All case studies
High-Frequency Trading · Web3

BigAl Sniper Bot

A low-latency Solana trading bot engineered for sub-200ms transaction construction. AWS EC2 with CPU pinning, Rust transaction builder, Jito bundle submission, and a real-time terminal UI.

Year
2026
Tech Stack
RustSolana SDKJito BundlesPython (orchestration)WebSocketsReact (terminal UI)AWS EC2 (us-east-1)
The Problem

What we set out to solve.

On-chain memecoin launches resolve in milliseconds. Off-the-shelf trading clients add network hops, garbage-collected runtimes, and shared-tenant CPU contention that put any retail bot a tick behind. Latency is the entire alpha.

Our Approach

How we built it.

01

Hot path in Rust

The transaction builder is written in Rust with statically allocated buffers and zero heap churn on the hot path. Signing keys live in memory; instruction layouts are precomputed at startup.

02

CPU pinning and EC2 placement

The bot runs on an EC2 instance in us-east-1 (Jito region), with the executor pinned to a dedicated physical core via taskset.
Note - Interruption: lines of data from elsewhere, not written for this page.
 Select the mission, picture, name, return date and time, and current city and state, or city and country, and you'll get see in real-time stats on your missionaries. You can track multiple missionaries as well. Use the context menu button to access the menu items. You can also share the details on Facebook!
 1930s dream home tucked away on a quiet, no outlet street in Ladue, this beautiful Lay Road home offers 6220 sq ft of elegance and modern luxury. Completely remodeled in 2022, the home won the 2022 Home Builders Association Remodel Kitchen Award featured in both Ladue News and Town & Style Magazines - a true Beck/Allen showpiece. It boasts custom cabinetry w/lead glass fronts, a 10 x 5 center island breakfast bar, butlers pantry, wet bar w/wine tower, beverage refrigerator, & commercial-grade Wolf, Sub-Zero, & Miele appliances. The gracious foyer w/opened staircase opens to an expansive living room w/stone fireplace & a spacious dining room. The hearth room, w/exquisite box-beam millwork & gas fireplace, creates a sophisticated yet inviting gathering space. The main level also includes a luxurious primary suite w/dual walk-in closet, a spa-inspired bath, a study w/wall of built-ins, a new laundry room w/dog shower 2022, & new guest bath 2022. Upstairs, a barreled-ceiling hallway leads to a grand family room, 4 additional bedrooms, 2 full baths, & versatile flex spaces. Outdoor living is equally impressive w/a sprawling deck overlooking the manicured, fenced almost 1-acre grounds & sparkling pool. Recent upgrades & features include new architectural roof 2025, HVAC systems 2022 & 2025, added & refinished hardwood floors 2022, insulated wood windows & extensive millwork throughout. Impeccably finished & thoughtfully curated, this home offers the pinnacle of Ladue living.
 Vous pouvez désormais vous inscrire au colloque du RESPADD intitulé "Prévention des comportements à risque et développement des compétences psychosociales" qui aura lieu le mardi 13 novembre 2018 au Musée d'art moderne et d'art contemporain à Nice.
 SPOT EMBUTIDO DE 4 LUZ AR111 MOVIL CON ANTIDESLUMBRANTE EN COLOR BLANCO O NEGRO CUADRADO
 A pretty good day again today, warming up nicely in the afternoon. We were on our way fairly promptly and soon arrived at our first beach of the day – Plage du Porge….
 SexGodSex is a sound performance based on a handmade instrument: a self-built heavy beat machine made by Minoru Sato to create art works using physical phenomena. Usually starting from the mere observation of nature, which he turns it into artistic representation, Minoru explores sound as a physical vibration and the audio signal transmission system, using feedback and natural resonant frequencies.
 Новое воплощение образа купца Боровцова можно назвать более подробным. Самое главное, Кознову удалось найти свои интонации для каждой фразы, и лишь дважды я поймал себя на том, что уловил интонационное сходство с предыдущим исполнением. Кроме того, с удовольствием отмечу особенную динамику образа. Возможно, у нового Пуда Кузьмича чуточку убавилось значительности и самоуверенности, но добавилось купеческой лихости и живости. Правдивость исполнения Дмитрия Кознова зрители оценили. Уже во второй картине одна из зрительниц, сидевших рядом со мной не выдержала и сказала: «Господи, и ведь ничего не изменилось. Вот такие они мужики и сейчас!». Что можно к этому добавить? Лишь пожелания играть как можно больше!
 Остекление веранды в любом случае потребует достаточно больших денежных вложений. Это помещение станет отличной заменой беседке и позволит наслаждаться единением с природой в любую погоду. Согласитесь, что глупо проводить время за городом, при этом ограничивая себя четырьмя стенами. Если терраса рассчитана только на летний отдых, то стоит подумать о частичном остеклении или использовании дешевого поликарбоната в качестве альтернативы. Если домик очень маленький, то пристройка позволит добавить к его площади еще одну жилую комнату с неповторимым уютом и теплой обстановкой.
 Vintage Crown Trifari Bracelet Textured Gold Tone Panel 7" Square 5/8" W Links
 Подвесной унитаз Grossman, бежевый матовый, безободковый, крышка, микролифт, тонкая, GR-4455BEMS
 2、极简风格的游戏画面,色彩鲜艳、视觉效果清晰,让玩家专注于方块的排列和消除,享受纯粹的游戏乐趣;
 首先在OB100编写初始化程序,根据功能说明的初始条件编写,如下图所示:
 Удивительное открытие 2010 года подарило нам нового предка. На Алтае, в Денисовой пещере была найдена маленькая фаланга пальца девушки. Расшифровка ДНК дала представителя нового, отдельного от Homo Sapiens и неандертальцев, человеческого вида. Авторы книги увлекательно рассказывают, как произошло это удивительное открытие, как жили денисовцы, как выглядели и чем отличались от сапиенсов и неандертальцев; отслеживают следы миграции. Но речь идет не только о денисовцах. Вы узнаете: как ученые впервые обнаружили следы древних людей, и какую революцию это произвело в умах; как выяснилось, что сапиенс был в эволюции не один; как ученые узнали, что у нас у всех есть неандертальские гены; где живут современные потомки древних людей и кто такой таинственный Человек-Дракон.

The Python orchestration layer runs on separate cores so it cannot preempt the hot path.

03

Jito bundling

Submitted transactions ship as Jito bundles with tip configuration tuned per launch profile. WebSocket dashboard streams every signed bundle, slot landing, and PnL in real time to a Fidelity-inspired terminal UI.

Results

The numbers.

31%
Hot-path latency improvement
< 200 ms
Transaction build time
Region-leading
Bundle land rate
Outcome

What it changed.

A vertically integrated trading stack — from market data ingest through signed transaction land — that competes on the same latency floor as professional desk infrastructure, controlled from a single browser-based dashboard.